• **Your assignment**
Everything in the data below is left aside except the lines from the one containing "Vintage Japanese SATO Cloisonné Vase –" through the one containing "Using stainless steel, I"; repeat those exactly.

• **Task input**

- Opening Delimiter -

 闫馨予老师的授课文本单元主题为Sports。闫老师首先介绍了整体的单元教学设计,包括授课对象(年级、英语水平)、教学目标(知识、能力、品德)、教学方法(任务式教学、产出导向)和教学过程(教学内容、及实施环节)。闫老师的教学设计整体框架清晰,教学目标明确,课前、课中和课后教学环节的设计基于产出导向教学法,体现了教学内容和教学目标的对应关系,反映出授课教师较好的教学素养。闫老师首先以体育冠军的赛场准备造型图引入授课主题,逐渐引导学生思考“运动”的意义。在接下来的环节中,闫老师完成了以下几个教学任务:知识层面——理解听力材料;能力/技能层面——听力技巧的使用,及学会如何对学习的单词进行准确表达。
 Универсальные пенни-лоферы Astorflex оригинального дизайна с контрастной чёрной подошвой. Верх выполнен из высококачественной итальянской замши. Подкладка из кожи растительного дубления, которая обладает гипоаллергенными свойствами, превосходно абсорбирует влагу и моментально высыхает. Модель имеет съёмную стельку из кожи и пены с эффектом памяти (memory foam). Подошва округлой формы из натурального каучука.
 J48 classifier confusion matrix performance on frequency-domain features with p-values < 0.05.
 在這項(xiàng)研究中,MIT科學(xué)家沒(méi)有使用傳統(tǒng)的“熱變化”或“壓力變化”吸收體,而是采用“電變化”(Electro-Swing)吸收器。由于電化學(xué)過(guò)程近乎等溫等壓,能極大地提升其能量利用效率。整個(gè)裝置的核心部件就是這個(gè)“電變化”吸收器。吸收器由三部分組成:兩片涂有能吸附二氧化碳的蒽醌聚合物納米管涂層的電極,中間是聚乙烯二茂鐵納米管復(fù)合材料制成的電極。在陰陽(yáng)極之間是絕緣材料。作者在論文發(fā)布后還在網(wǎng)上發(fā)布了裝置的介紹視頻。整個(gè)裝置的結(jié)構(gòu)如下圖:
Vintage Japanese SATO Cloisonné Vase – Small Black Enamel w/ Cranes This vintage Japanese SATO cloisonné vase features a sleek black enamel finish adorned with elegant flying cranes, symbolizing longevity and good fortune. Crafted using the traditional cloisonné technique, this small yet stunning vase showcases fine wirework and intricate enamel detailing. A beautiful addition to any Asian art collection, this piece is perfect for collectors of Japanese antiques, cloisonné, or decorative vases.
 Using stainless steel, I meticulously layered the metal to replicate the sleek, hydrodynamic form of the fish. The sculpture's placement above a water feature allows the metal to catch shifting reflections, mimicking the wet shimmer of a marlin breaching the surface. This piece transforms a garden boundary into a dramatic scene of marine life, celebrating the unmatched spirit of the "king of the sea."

- Closing Delimiter -
- Opening Delimiter -

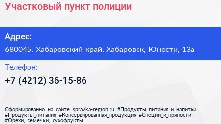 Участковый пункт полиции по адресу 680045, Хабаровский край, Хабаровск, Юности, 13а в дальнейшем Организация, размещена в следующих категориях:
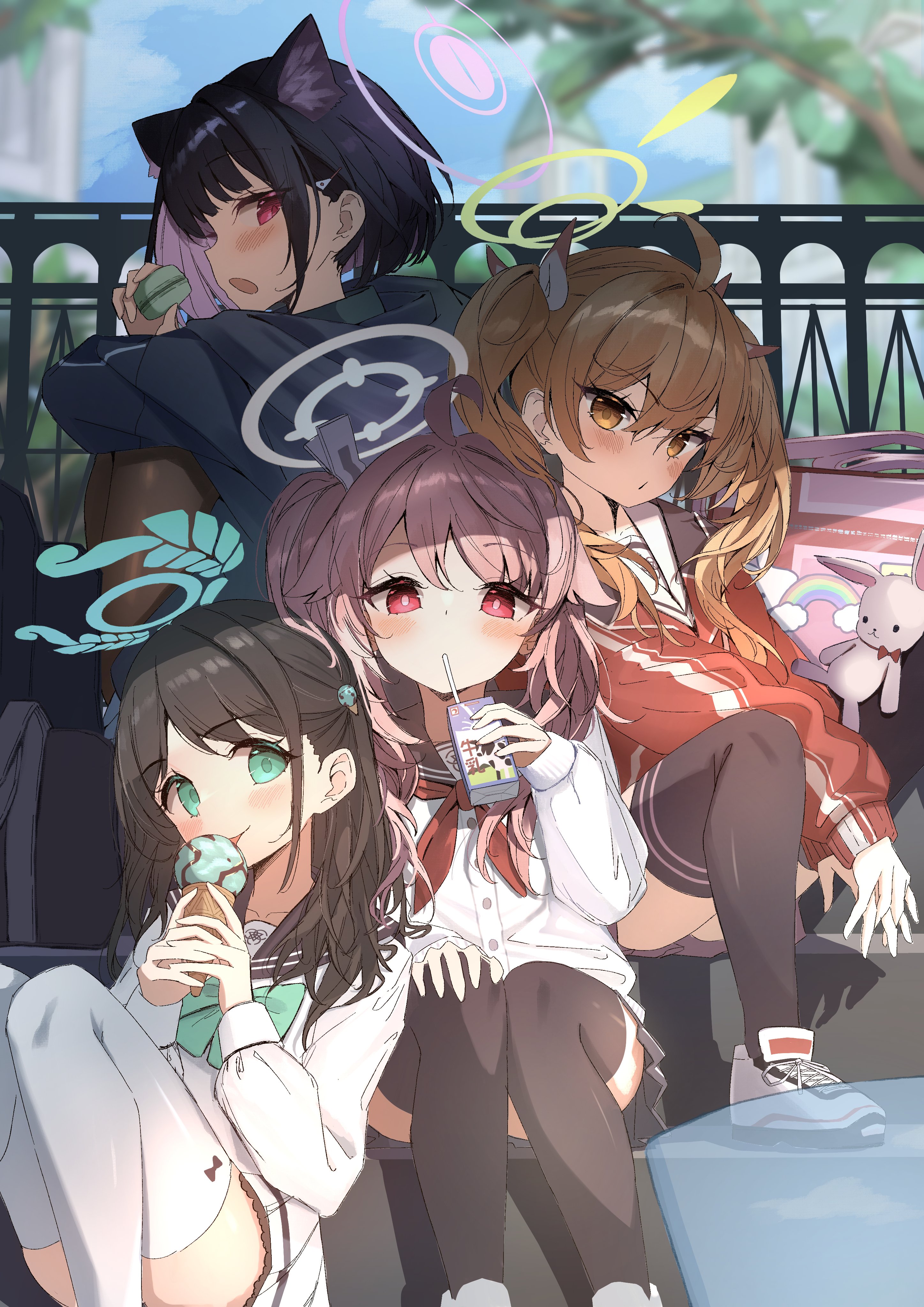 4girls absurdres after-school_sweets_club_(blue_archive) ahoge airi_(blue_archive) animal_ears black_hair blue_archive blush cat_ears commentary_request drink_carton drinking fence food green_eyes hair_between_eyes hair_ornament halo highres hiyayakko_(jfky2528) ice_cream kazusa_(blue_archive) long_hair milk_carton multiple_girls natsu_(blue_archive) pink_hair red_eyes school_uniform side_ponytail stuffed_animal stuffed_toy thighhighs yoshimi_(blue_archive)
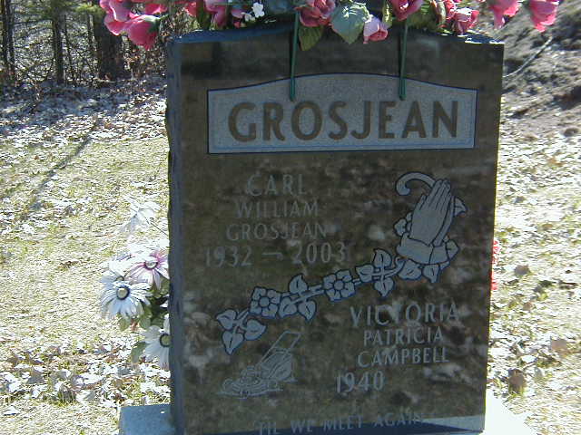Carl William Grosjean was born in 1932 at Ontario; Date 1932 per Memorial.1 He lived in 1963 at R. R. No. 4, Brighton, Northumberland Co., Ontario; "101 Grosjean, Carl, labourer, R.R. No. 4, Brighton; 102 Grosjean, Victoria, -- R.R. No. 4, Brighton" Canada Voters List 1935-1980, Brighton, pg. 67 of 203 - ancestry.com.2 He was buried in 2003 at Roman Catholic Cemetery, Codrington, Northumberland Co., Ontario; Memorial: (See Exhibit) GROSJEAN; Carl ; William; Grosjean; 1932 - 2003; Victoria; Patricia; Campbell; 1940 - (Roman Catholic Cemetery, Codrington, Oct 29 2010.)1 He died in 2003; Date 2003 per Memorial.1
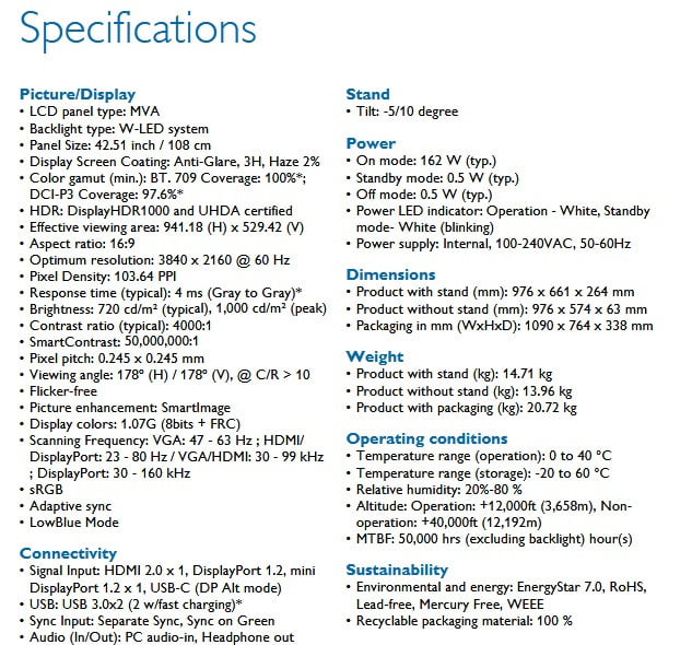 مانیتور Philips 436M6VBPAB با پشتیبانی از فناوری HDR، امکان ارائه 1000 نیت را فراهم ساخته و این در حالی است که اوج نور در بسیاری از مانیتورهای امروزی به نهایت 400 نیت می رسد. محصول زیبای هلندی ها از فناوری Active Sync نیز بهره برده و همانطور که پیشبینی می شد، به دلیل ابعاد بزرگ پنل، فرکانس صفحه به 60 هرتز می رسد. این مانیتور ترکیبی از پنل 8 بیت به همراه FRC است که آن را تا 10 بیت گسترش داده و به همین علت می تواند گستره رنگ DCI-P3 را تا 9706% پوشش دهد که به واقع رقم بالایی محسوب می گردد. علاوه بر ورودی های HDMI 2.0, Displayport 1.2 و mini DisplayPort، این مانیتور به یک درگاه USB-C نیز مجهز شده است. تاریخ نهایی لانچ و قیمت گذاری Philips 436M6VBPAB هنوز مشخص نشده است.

- Closing Delimiter -

• **Written solution**
Vintage Japanese SATO Cloisonné Vase – Small Black Enamel w/ Cranes This vintage Japanese SATO cloisonné vase features a sleek black enamel finish adorned with elegant flying cranes, symbolizing longevity and good fortune. Crafted using the traditional cloisonné technique, this small yet stunning vase showcases fine wirework and intricate enamel detailing. A beautiful addition to any Asian art collection, this piece is perfect for collectors of Japanese antiques, cloisonné, or decorative vases.
 Using stainless steel, I meticulously layered the metal to replicate the sleek, hydrodynamic form of the fish. The sculpture's placement above a water feature allows the metal to catch shifting reflections, mimicking the wet shimmer of a marlin breaching the surface. This piece transforms a garden boundary into a dramatic scene of marine life, celebrating the unmatched spirit of the "king of the sea."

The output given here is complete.